Somerset Council has withdrawn funding for safety barriers and portable toilets for the 2024 Bridgwater Carnival as part of its budget to balance its books.

The Bridgwater Guy Fawkes Carnival is a linchpin of the town’s cultural calendar, attracting 150,000 visitors to its annual parade and iconic squibbing ceremony in the town centre.

In previous years, the carnival has funded portable toilets and security barriers along the parade’s route using a £16,000 grant from Sedgemoor District Council.

But this grant has now been removed by Somerset Council (which replaced the district council in April 2023) as part of £35m of budget cuts set at its annual budget on Tuesday (February 20).

The news has been greeted with disappointment by the carnival organisers, who have argued visitors will not be able to rely on businesses along the carnival route allowing them to use their facilities.

Chris Hocking, one of the carnival’s non-executive directors, expressed his concerns in a formal question submitted ahead of the full council meeting held in Bridgwater on Tuesday (February 20).

He said: “Many visitors to the carnival stay overnight, or longer, throughout the Somerset area boosting trade for the hospitality industry and retailers at a time of year when trade is at its lowest.

“With such a massive increase in revenue for so many Somerset businesses, we were extremely disappointed to learn that Somerset Council intends to remove, in its entirety, the very small annual grant which we previously received from the former Sedgemoor District Council.”

Bridgwater Mercury: Chris Hocking.Chris Hocking. (Image: Daniel Mumby)

Of the £16,000 that was previously provided, £9,000 was allocated to the hiring of portable toilets and £7,000 was set aside for “barrier protection for open spaces along the Bridgwater Carnival procession route”.

The carnival procession begins on the A39 Bath Road near the junction with Parkway, moves down the A38 Broadway and turns onto St.
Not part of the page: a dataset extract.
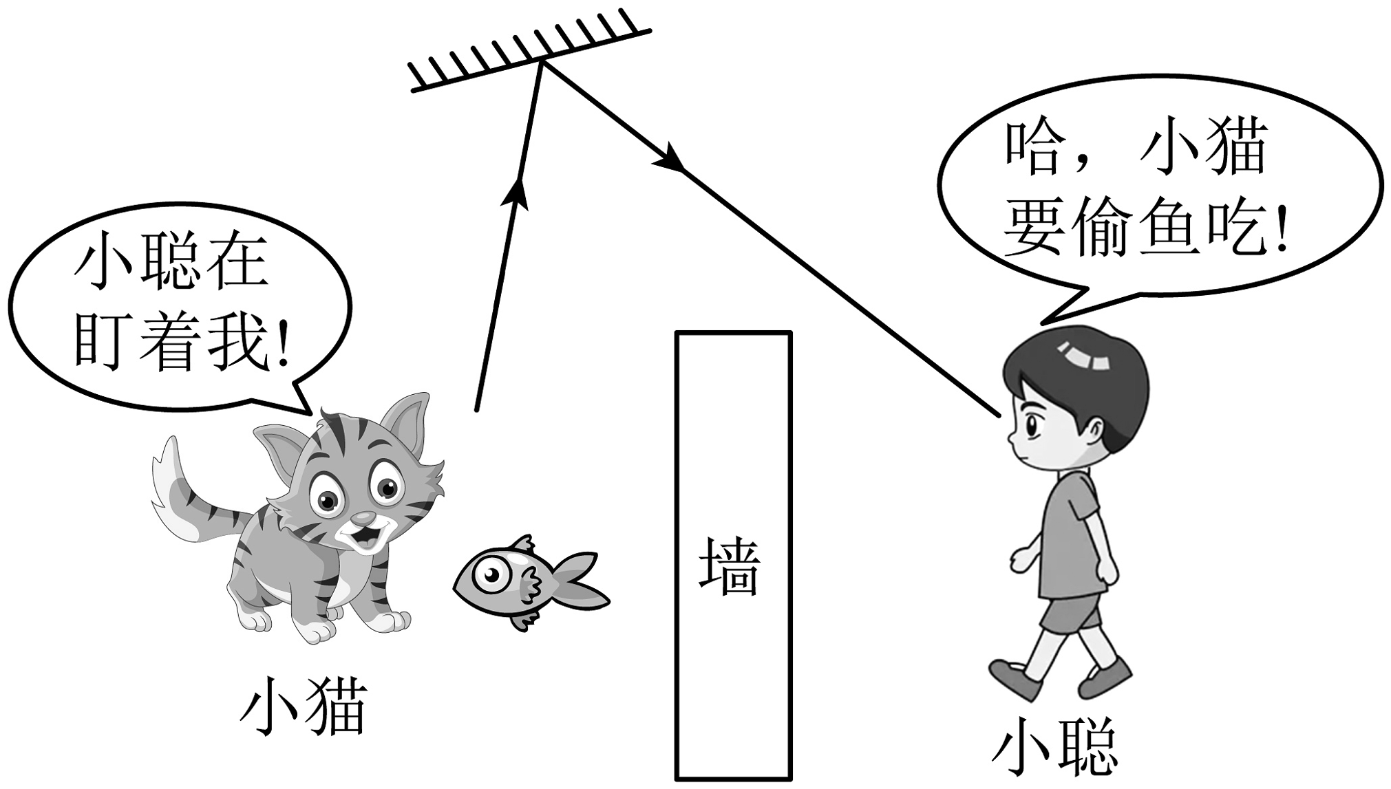 17、礼堂的投影屏幕采用表面粗糙的材料是利用光发生(选填“镜面”或者“漫”)反射。如图所示,小猫和小聪可以通过镜子互相看到对方,此现象说明光在反射时,光路是 的(选填“可逆”或“不可逆”)。

Mary Street, winding around Cornhill and terminating on Mount Street near the Northgate Yard complex.

Mr Hocking said that removing the portable toilets would leave carnival patrons relying on the goodwill of local businesses.

He said: “Without the additional portable toilets which we spread across various locations along the parade route, the general public would be obliged to seek the goodwill of public house landlords and/or restaurants for use of their facilities.

“This is not always forthcoming, and therefore the portable toilets play an important and essential role in the comfort of the vast crowd whilst ensuring that the environment is not damaged in any manner.

“Likewise, barriers play an important role in maintaining safety and comfort for our many visitors. With crowds standing ten or 12 deep in places to view the parade, the barriers maintain a safe distance between them and the massive spectacular carnival carts taking part in the parade.

“Barriers assist our marshals in delivering a very safe environment for the benefit of the public and participants.”

In addition to attracting high numbers of visitors in person, the carnival procession is live-streamed to an average of 50,000 people around the world every year.

Mr Hocking said that removing the toilets and barriers risked significant reputational damage to one of Somerset’s main tourist attractions.

He said: “Somerset is a beautiful county and we are delighted that, during our carnival season, so many thousands of people are able to see for themselves what a wonderful region this is to visit, work and live.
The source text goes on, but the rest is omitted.